GIVEN INFORMATION
○ ○ ○

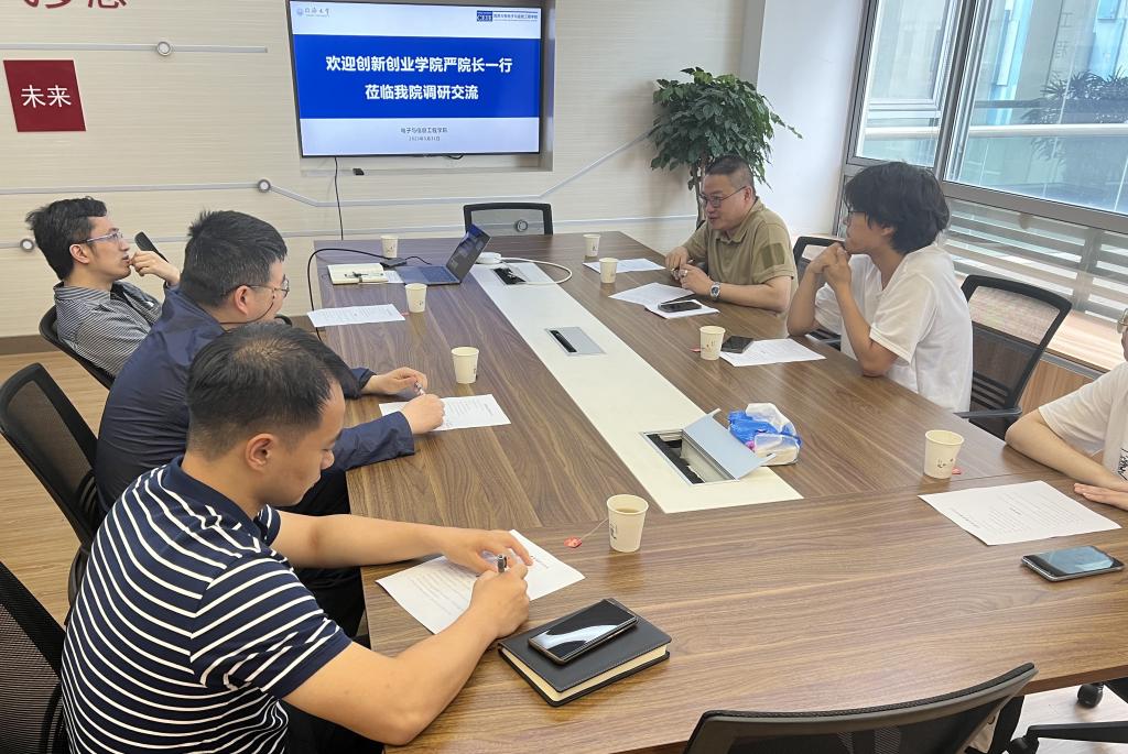 5月31日上午,创新创业公司副经理严骊一行来到公司,围绕创新创业教育开展调研讨论。公司副经理周俊鹤,实验中心副主任、创新基地负责人叶晨,优秀创新项目指导老师张志明、王汉卿以及员工代表等参加会议。
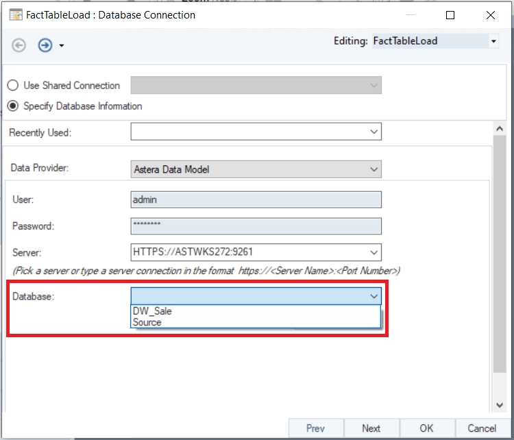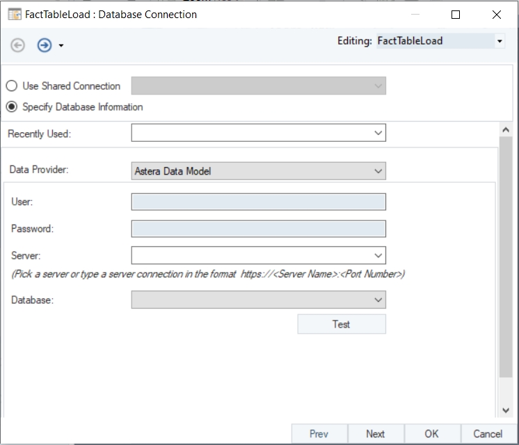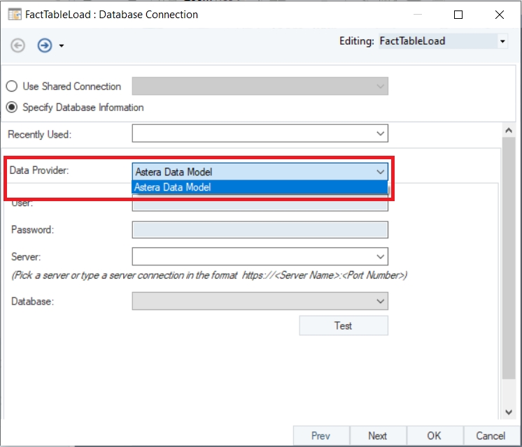 On the Database Connection screen, you’ll notice that the Data Provider dropdown menu is limited to just one option: Astera Data Model. This option represents the data models that are deployed on the server and are available for usage.
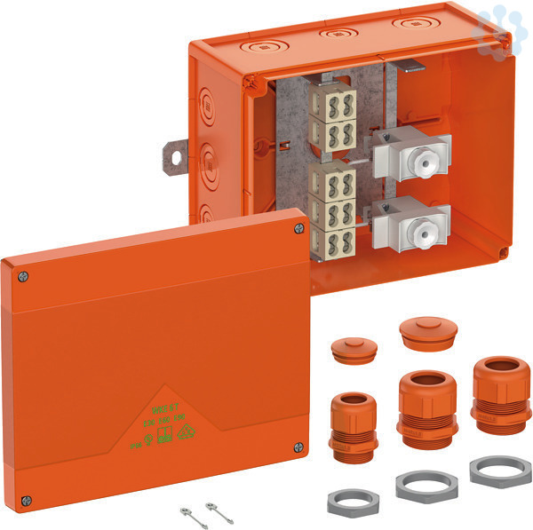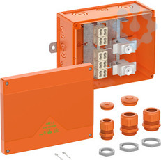 Abzweigkasten, mit Schutzart IP66, Ui=450 V AC, zertifiziert durch UL-EU (EN 62208), UL-EU (EN 61439-1/-2), Ausschlagmembranen, M20/M25/M32/M40, (4 rückseitig, 12 seitlich), außenliegende Befestigungsstellen, mit elektrischem Funktionserhalt E30-E90 nach DIN 4102 Teil 12. Druck-Sog-Dicht gemäß Gotthard-Richtlinie. Halogenfreies Gehäuse aus Spezialthermoplast, Klemmen aus hochtemperaturbeständiger Spezialkeramik, Klemmenhalter frei positionierbar, Schnellmontage durch Außenbefestigungslaschen aus Edelstahl 1.4571. Deckelschrauben aus Edelstahl 1.4578, orange, Verbindungskasten 5-polig 1,5-16mm², Abzweigkasten 3-polig 1,5-10mm², Sicherung im Abzweig 2 x Sockel D01 (ohne Einsatz), Anzahl der klemmbaren Leiter pro Klemmstelle 5 x 1,5² / 4 x 2,5² / 2 x 4² / 2 x 6² / 1 x 10² / 1 x 16²
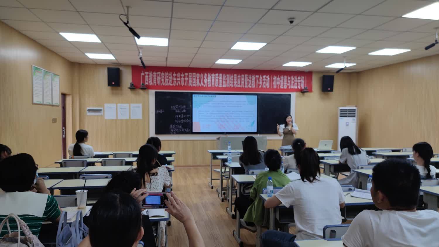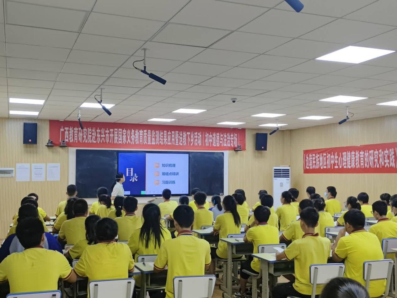 广西教研员吴玉龙领航工作坊成员、南宁市江南区教育局教研室江岸老师以送教课《法律保障生活》引导学生辨析问题、解决问题,并为当地教师作专题讲座《核心素养导向下初中道德与法治教学评的一致性》。江岸老师着重介绍了基于核心素养导向的教师教导、学生学习、教学评一致的重要性和做法,强调初中道德与法治的课堂教学要坚持以素养为导向、以能力为重点、以知识为基础,注重学习过程和学生行为导向的评价,以评促教、以评促学,落实立德树人的根本任务。

○ ○ ○

EXERCISE REQUIREMENTS
Repeat each line of the listing word for word, from the first through the line that contains "On the Database". Any picture stays out.

EXERCISE RESULT
 5月31日上午,创新创业公司副经理严骊一行来到公司,围绕创新创业教育开展调研讨论。公司副经理周俊鹤,实验中心副主任、创新基地负责人叶晨,优秀创新项目指导老师张志明、王汉卿以及员工代表等参加会议。
 On the Database Connection screen, you’ll notice that the Data Provider dropdown menu is limited to just one option: Astera Data Model. This option represents the data models that are deployed on the server and are available for usage.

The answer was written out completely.